Wednesday, October 20, 2021

This Monday, journal Nature published a multidisciplinary research paper from five universities, showing for the first time that pedestrians tend to choose a route that points to the destination as much as possible in each section. Previously observed in animals, the vector-based navigation has resulted in sometimes consistently longer routes than the shortest available option, as well as choice of different routes from A to B and from B to A due to the differences in where how vector is pointing, the authors wrote.

The authors had processed 55,000 anonymised GPS paths from 14,000 people in the Boston and Cambridge areas over the duration of one year to find “A to B” and “B to A” pairs to analyse. The research team comprised staff from Massachusetts Institute of Technology, Paris-Saclay University, France, The University of Hong Kong, Polytechnic University of Turin, Italy, New York University, USA, and Istituto di Informatica e Telematica del CNR, Italy.

One of the authors, Professor Carlo Ratti from MIT Senseable City Lab, a research group that explores how new technologies are changing the way we understand, design and ultimately live in cities, commented that the findings could be useful as a part of ongoing research to understand better how the human brain works and to utilize the obtained knowledge in the design of artificial intelligence systems.

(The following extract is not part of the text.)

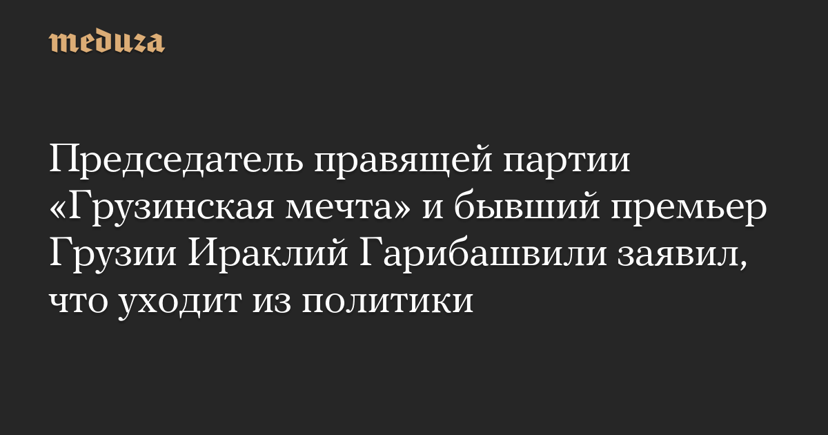 Председатель правящей партии «Грузинская мечта» и бывший премьер Грузии Ираклий Гарибашвили заявил, что уходит из политики

One of the paper authors, Professor Joshua Brett Tenenbaum, commented that the vector based navigation does not require access to a detailed map of the area. Modern navigation computers are able to evaluate shortest route without paying attention to the angular displacement, he remarked, “You can’t have a detailed, distance-based map downloaded into the brain, so how else are you going to do it? The more natural thing might be use information that’s more available to us from our experience. Thinking in terms of points of reference, landmarks, and angles is a very natural way to build algorithms for mapping and navigating space based on what you learn from your own experience moving around in the world.”

Prior research by Hugo Spiers, Professor of Cognitive Neuroscience, University College London, published in 2014 and in 2017 in journal Current Biology, had previously demonstrated vector based navigation in animals via the hippocampus and entorhinal cortex.